Groups > comp.lang.python > #64131 > unrolled thread

Re: Guessing the encoding from a BOM

Started by	Tim Chase <tim@thechases.com>
First post	2014-01-16 19:40 -0600
Last post	2014-01-18 03:33 +1100
Articles	6 — 4 participants

Back to article view | Back to comp.lang.python

This discussion starts older than the indexed window; earlier articles aren't shown. The article labeled Started by below is the oldest one visible, not the original post.

  Re: Guessing the encoding from a BOM Tim Chase <tim@thechases.com> - 2014-01-16 19:40 -0600
    Re: Guessing the encoding from a BOM Rustom Mody <rustompmody@gmail.com> - 2014-01-16 21:08 -0800
      Re: Guessing the encoding from a BOM Pete Forman <petef4+usenet@gmail.com> - 2014-01-17 16:26 +0000
        Re: Guessing the encoding from a BOM Rustom Mody <rustompmody@gmail.com> - 2014-01-17 08:30 -0800
          Re: Guessing the encoding from a BOM Chris Angelico <rosuav@gmail.com> - 2014-01-18 03:50 +1100
        Re: Guessing the encoding from a BOM Chris Angelico <rosuav@gmail.com> - 2014-01-18 03:33 +1100

#64131 — Re: Guessing the encoding from a BOM

From	Tim Chase <tim@thechases.com>
Date	2014-01-16 19:40 -0600
Subject	Re: Guessing the encoding from a BOM
Message-ID	<mailman.5618.1389922759.18130.python-list@python.org>

On 2014-01-17 11:14, Chris Angelico wrote:
> UTF-8 specifies the byte order
> as part of the protocol, so you don't need to mark it.

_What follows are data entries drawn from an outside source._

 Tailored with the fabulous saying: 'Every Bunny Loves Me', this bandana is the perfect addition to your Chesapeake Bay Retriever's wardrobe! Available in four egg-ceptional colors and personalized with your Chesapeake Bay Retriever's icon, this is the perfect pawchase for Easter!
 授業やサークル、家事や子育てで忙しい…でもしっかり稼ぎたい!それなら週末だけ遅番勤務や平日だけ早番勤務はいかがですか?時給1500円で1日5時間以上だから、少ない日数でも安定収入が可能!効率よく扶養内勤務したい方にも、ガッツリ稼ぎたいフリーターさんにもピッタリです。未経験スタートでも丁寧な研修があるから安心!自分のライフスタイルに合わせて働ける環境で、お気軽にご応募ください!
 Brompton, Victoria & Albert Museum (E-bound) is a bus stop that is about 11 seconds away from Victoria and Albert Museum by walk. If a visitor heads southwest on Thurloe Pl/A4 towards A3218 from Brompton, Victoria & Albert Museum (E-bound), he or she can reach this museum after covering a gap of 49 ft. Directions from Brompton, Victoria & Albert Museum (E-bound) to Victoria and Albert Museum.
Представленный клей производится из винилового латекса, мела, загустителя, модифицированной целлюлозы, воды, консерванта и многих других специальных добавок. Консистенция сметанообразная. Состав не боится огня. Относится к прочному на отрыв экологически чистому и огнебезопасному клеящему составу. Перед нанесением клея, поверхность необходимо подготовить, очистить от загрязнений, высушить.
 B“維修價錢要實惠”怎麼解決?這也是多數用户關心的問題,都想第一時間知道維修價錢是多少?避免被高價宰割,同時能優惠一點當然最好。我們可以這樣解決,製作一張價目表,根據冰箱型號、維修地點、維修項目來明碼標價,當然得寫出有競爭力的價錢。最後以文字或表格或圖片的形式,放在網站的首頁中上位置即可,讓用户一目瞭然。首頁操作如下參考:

You don't need to mark it when writing, but some idiots use it
anyway.  If you're sniffing a file for purposes of reading, you need
to look for it and remove it from the actual data that gets returned
from the file--otherwise, your data can see it as corruption.  I end
up with lots of CSV files from customers who have polluted it with
Notepad or had Excel insert some UTF-8 BOM when exporting.  This
means my first column-name gets the BOM prefixed onto it when the
file is passed to csv.DictReader, grr.

-tkc

[toc] | [next] | [standalone]

#64139

From	Rustom Mody <rustompmody@gmail.com>
Date	2014-01-16 21:08 -0800
Message-ID	<32c1b684-1ff7-48c0-af7a-cd15235ea531@googlegroups.com>
In reply to	#64131

On Friday, January 17, 2014 7:10:05 AM UTC+5:30, Tim Chase wrote:
> On 2014-01-17 11:14, Chris Angelico wrote:
> > UTF-8 specifies the byte order
> > as part of the protocol, so you don't need to mark it.

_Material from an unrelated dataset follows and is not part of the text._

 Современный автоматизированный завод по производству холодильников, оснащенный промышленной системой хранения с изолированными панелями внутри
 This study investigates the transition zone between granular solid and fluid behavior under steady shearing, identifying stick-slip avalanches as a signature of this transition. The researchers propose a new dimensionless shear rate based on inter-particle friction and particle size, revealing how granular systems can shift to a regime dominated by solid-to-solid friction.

> You don't need to mark it when writing, but some idiots use it
> anyway.  If you're sniffing a file for purposes of reading, you need
> to look for it and remove it from the actual data that gets returned
> from the file--otherwise, your data can see it as corruption.  I end
> up with lots of CSV files from customers who have polluted it with
> Notepad or had Excel insert some UTF-8 BOM when exporting.  This
> means my first column-name gets the BOM prefixed onto it when the
> file is passed to csv.DictReader, grr.

And its part of the standard:
Table 2.4 here
http://www.unicode.org/versions/Unicode5.0.0/ch02.pdf

[toc] | [prev] | [next] | [standalone]

#64175

From	Pete Forman <petef4+usenet@gmail.com>
Date	2014-01-17 16:26 +0000
Message-ID	<86zjmufubv.fsf@gmail.com>
In reply to	#64139

Rustom Mody <rustompmody@gmail.com> writes:

> On Friday, January 17, 2014 7:10:05 AM UTC+5:30, Tim Chase wrote:
>> On 2014-01-17 11:14, Chris Angelico wrote:
>> > UTF-8 specifies the byte order
>> > as part of the protocol, so you don't need to mark it.
>
>> You don't need to mark it when writing, but some idiots use it
>> anyway.  If you're sniffing a file for purposes of reading, you need
>> to look for it and remove it from the actual data that gets returned
>> from the file--otherwise, your data can see it as corruption.  I end
>> up with lots of CSV files from customers who have polluted it with
>> Notepad or had Excel insert some UTF-8 BOM when exporting.  This
>> means my first column-name gets the BOM prefixed onto it when the
>> file is passed to csv.DictReader, grr.
>
> And its part of the standard:
> Table 2.4 here
> http://www.unicode.org/versions/Unicode5.0.0/ch02.pdf

It would have been nice if there was an eighth encoding scheme defined
there UTF-8NB which would be UTF-8 with BOM not allowed.
-- 
Pete Forman

[toc] | [prev] | [next] | [standalone]

#64176

From	Rustom Mody <rustompmody@gmail.com>
Date	2014-01-17 08:30 -0800
Message-ID	<edc1acb8-be97-43c9-819b-3af18086d5d0@googlegroups.com>
In reply to	#64175

On Friday, January 17, 2014 9:56:28 PM UTC+5:30, Pete Forman wrote:
> Rustom Mody  writes:

> > On Friday, January 17, 2014 7:10:05 AM UTC+5:30, Tim Chase wrote:
> >> On 2014-01-17 11:14, Chris Angelico wrote:
> >> > UTF-8 specifies the byte order
> >> > as part of the protocol, so you don't need to mark it.
> >> You don't need to mark it when writing, but some idiots use it
> >> anyway.  If you're sniffing a file for purposes of reading, you need
> >> to look for it and remove it from the actual data that gets returned
> >> from the file--otherwise, your data can see it as corruption.  I end
> >> up with lots of CSV files from customers who have polluted it with
> >> Notepad or had Excel insert some UTF-8 BOM when exporting.  This
> >> means my first column-name gets the BOM prefixed onto it when the
> >> file is passed to csv.DictReader, grr.
> > And its part of the standard:
> > Table 2.4 here
> > http://www.unicode.org/versions/Unicode5.0.0/ch02.pdf

> It would have been nice if there was an eighth encoding scheme defined
> there UTF-8NB which would be UTF-8 with BOM not allowed.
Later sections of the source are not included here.